Schools get $500K grant for infant, toddler care program

Teacher Jayne Jones writes on the whiteboard in the new 3- to 5-year-old classroom in the Early Education Center in 2022. A Lilly Endowment grant is helping the schools provide care to younger children at the center.

A $500,000 grant to Brown County schools announced Tuesday will enable the district to expand its services to provide child care and early education for infants and toddlers. High school students will benefit, too, as the program will provide dual credit to those enrolled in BCS’s early childhood education (ECE) program.

“This will be the first time that this county has ever had a licensed child care center for kids of that age,” Deborah Harman, director of student support services at BCS, said after reporting to the school board that the district has received a half-million-dollar grant from Indianapolis-based Lilly Endowment Inc.’s Early Years Initiative to support the program.

“This is a grant that’s about expanding early care and education for infants and toddlers,” Harman said. “… Right now we only have a preschool class and an older toddler class,” she said, “so this will allow us to have 10 more toddler seats … and eight infant seats, so we’ll basically be able to have birth-to-5,” she said of the age range the district will be able to serve at the Early Education Center in Nashville.

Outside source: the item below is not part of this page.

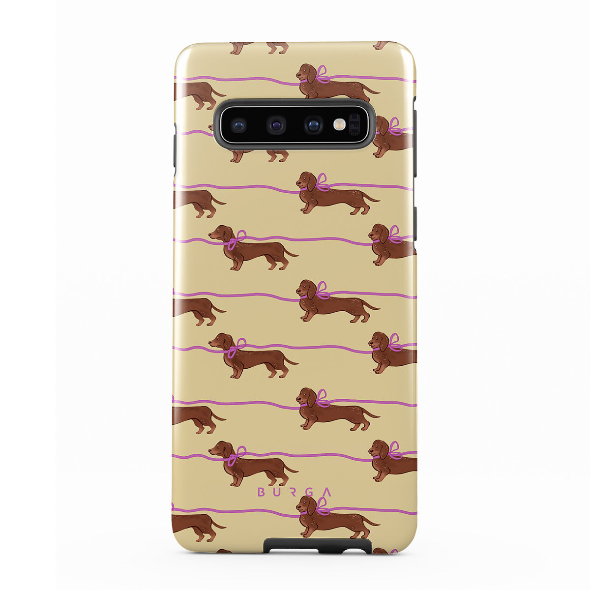 Este design contém: dachshunds com laços rosa, cães fofos.

She said the program will be open to anyone in the community and the cost of care is estimated to be $27 per day per child.

The new program will be in addition to preschool programs already offered to support older children at BCS, Harman said.

According to the school district, space in the Early Education Center, 235 School House Lane, will be reconfigured to add an infant room, a second toddler room, a laundry area, health room, and a family education area.

“The facility will be the first of its kind in Brown County and unique within the Indiana Uplands Region with its connection to dual-credit coursework for high school students,” BCS said in a press release announcing the grant. The region includes Brown, Crawford, Daviess, Dubois, Greene, Lawrence, Martin, Monroe, Orange, Owen and Washington counties.

“We believe that Brown County High School’s ECE Program located at our Early Education Center creates a much-needed area pipeline by graduating credentialed early educators ready for hire within our community and throughout the Indiana Uplands Region,” according to BCS.